## Exercise brief
Please reproduce the lines of the records below from the one holding "Or…you could use" through the one holding "USDC와 함께 전반적인", inclusive, skipping all pictures.

── Entries provided ──

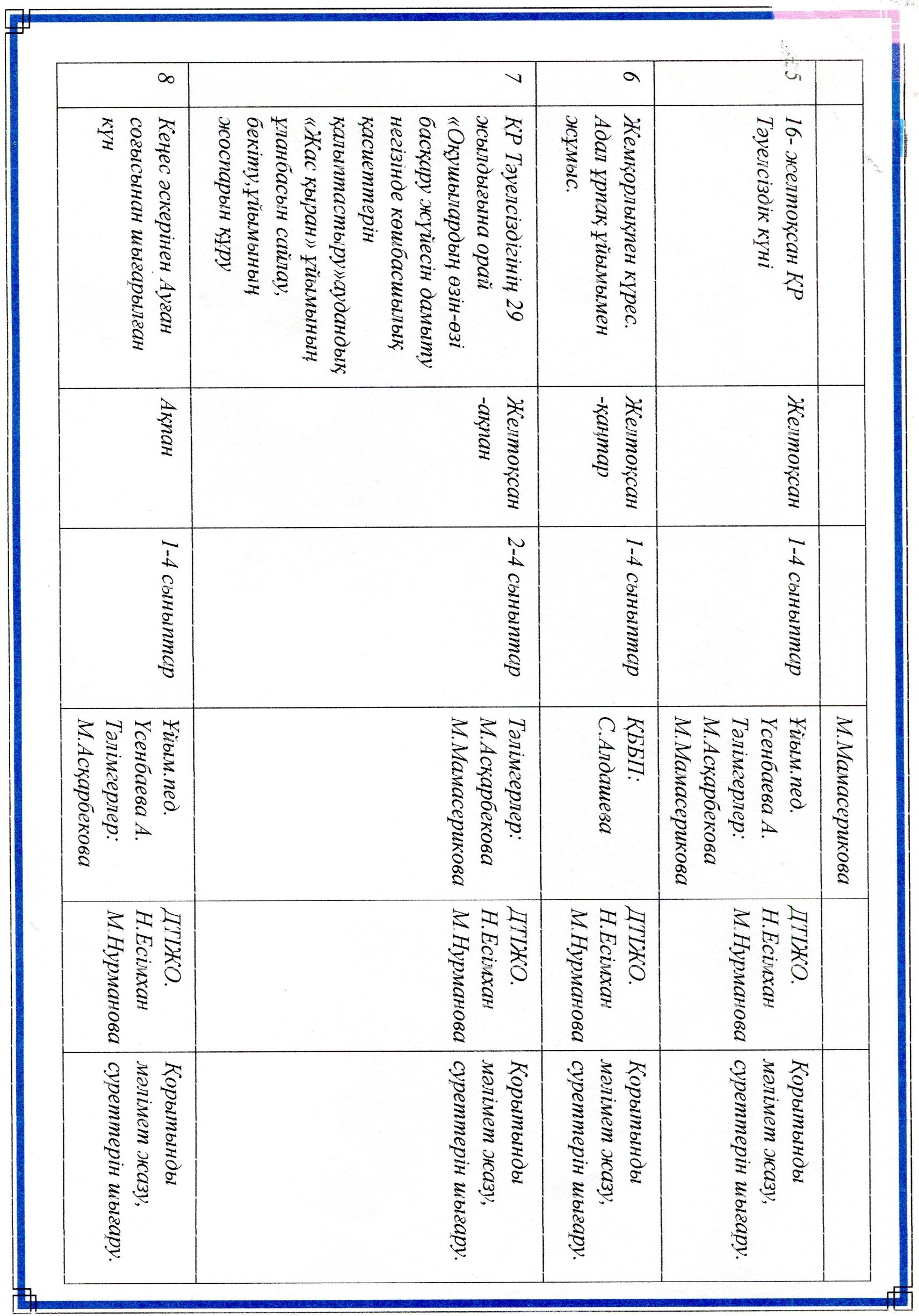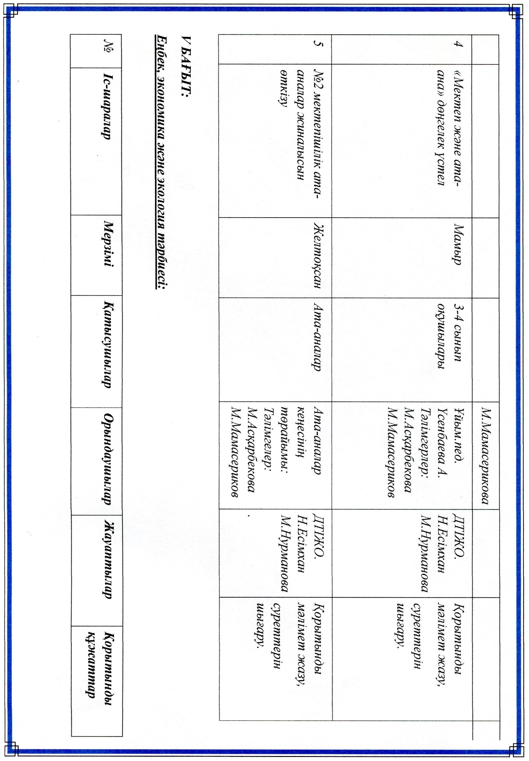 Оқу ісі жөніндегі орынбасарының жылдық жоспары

───
── Entries provided ──

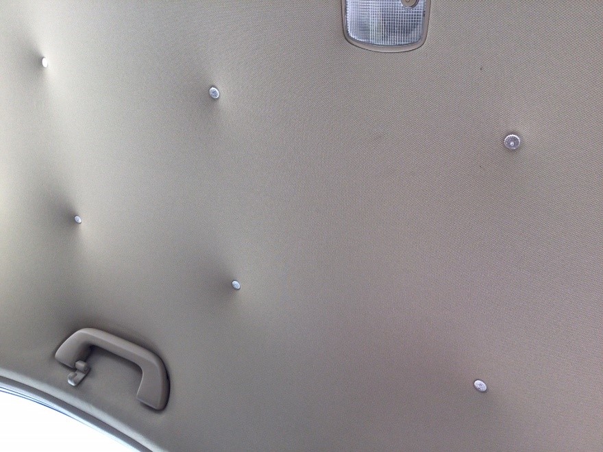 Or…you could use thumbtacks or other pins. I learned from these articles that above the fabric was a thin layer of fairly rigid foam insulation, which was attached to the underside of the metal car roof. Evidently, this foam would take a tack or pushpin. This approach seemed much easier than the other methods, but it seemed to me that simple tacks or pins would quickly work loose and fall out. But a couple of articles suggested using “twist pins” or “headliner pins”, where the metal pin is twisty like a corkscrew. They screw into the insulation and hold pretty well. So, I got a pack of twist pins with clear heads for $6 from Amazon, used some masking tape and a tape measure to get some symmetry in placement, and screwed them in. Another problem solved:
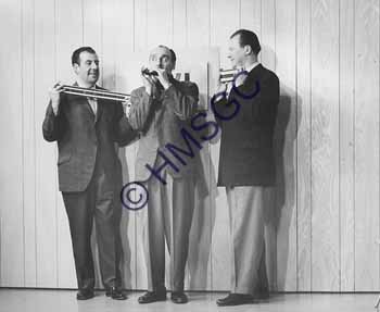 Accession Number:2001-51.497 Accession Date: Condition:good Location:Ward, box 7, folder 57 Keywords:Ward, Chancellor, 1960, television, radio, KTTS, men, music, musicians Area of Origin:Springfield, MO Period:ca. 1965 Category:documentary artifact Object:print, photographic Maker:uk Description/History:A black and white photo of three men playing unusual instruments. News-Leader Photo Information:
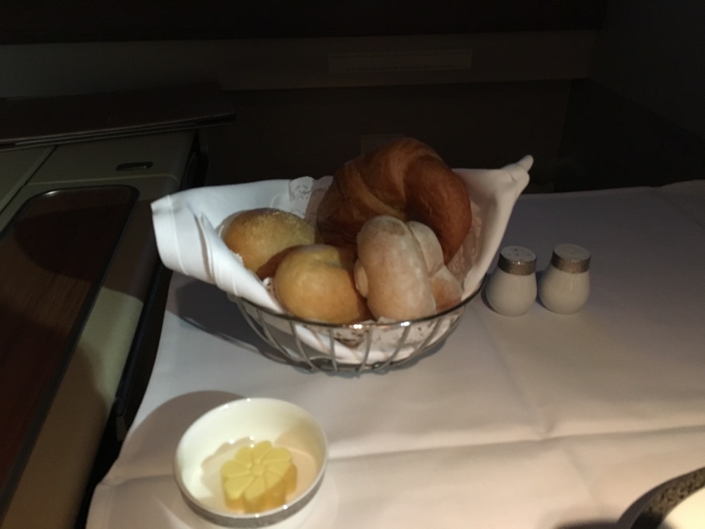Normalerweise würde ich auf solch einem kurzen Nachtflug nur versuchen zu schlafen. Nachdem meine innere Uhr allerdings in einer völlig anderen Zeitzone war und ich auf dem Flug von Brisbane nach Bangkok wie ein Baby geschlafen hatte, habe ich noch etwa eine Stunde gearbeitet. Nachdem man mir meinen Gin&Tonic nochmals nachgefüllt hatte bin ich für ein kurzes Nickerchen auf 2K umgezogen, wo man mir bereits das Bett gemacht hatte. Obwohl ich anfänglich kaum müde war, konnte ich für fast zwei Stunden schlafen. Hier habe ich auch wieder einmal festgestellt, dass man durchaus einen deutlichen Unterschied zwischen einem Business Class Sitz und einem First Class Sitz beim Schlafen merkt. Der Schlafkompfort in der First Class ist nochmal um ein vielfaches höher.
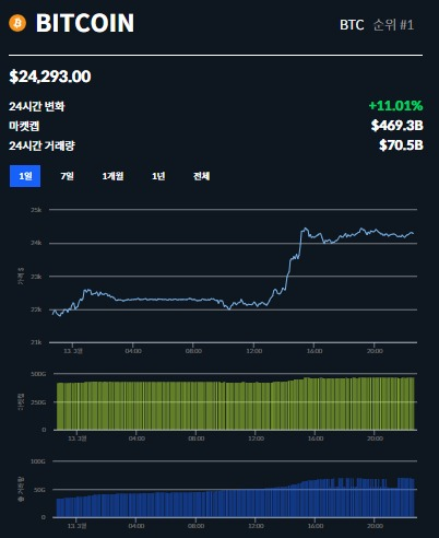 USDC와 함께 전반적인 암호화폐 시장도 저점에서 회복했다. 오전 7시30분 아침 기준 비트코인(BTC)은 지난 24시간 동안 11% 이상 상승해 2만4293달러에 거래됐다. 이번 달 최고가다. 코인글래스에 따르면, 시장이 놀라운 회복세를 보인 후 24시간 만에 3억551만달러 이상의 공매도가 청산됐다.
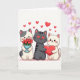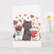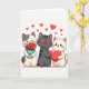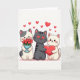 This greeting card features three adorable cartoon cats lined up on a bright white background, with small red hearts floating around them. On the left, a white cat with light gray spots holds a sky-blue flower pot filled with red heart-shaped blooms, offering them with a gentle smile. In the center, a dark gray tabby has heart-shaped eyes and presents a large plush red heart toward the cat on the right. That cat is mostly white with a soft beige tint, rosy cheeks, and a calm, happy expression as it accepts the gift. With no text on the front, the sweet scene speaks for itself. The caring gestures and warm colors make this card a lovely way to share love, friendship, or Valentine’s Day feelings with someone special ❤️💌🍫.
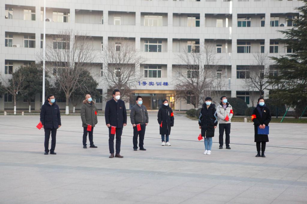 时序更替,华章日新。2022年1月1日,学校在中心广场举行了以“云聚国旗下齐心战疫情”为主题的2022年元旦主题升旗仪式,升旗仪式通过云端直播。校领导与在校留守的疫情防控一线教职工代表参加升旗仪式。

───

## Expected output
 Or…you could use thumbtacks or other pins. I learned from these articles that above the fabric was a thin layer of fairly rigid foam insulation, which was attached to the underside of the metal car roof. Evidently, this foam would take a tack or pushpin. This approach seemed much easier than the other methods, but it seemed to me that simple tacks or pins would quickly work loose and fall out. But a couple of articles suggested using “twist pins” or “headliner pins”, where the metal pin is twisty like a corkscrew. They screw into the insulation and hold pretty well. So, I got a pack of twist pins with clear heads for $6 from Amazon, used some masking tape and a tape measure to get some symmetry in placement, and screwed them in. Another problem solved:
 Accession Number:2001-51.497 Accession Date: Condition:good Location:Ward, box 7, folder 57 Keywords:Ward, Chancellor, 1960, television, radio, KTTS, men, music, musicians Area of Origin:Springfield, MO Period:ca. 1965 Category:documentary artifact Object:print, photographic Maker:uk Description/History:A black and white photo of three men playing unusual instruments. News-Leader Photo Information:
Normalerweise würde ich auf solch einem kurzen Nachtflug nur versuchen zu schlafen. Nachdem meine innere Uhr allerdings in einer völlig anderen Zeitzone war und ich auf dem Flug von Brisbane nach Bangkok wie ein Baby geschlafen hatte, habe ich noch etwa eine Stunde gearbeitet. Nachdem man mir meinen Gin&Tonic nochmals nachgefüllt hatte bin ich für ein kurzes Nickerchen auf 2K umgezogen, wo man mir bereits das Bett gemacht hatte. Obwohl ich anfänglich kaum müde war, konnte ich für fast zwei Stunden schlafen. Hier habe ich auch wieder einmal festgestellt, dass man durchaus einen deutlichen Unterschied zwischen einem Business Class Sitz und einem First Class Sitz beim Schlafen merkt. Der Schlafkompfort in der First Class ist nochmal um ein vielfaches höher.
 USDC와 함께 전반적인 암호화폐 시장도 저점에서 회복했다. 오전 7시30분 아침 기준 비트코인(BTC)은 지난 24시간 동안 11% 이상 상승해 2만4293달러에 거래됐다. 이번 달 최고가다. 코인글래스에 따르면, 시장이 놀라운 회복세를 보인 후 24시간 만에 3억551만달러 이상의 공매도가 청산됐다.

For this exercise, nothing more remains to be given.